Now that a final agreement is looming, Ontario is waiting to hear about the cost and other details from Alberta before it signs its own agreement with Vertex and makes the drug available to the public, said Suzanne McGurn, assistant deputy minister and the province’s Public Drug Program’s executive officer.

“It would be premature to make that commitment,” she said. “We’re pleased that a tentative agreement has been reached and we would anticipate a formal agreement to be very soon.”

Kalydeco will help about 100 Canadians with cystic fibrosis who have the G551D mutation out of a total of 4,000 who have the disease, said Ken Chan, vice-president of advocacy and research at Cystic Fibrosis Canada.

“Until we see the ink dry on any written agreement, we remain cautiously optimistic,” he said, adding the non-profit organization has been advocating for the government to pay for the drug since 2012.

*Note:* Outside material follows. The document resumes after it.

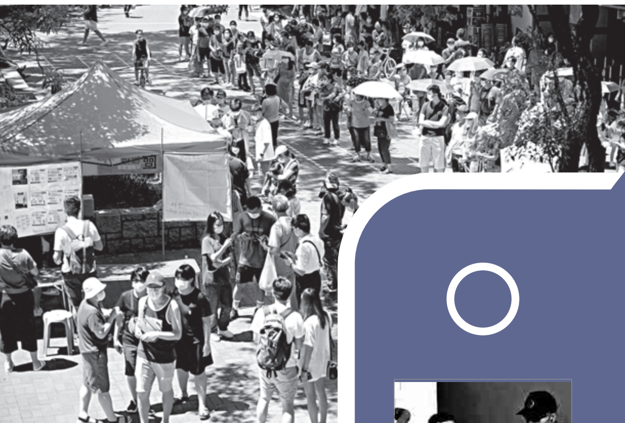
▲去年7月11日及12日舉行的所謂「初選」，攬炒派在全港設立超過250個票站，其中有超過160個是攬炒派區議員辦事處，公然違反限聚令。

Mr. Horne said health ministers across the country worked together on the negotiations as part of the Pan-Canadian Pricing Alliance, a relatively new pact under which the provinces deal en masse with drug makers in a bid to force down prices.

He said the Kalydeco experience makes it clear Canada needs a national drug-coverage program for rare diseases. High-cost drugs that benefit only a small number of Canadians are a fast-rising part of provincial drug bills.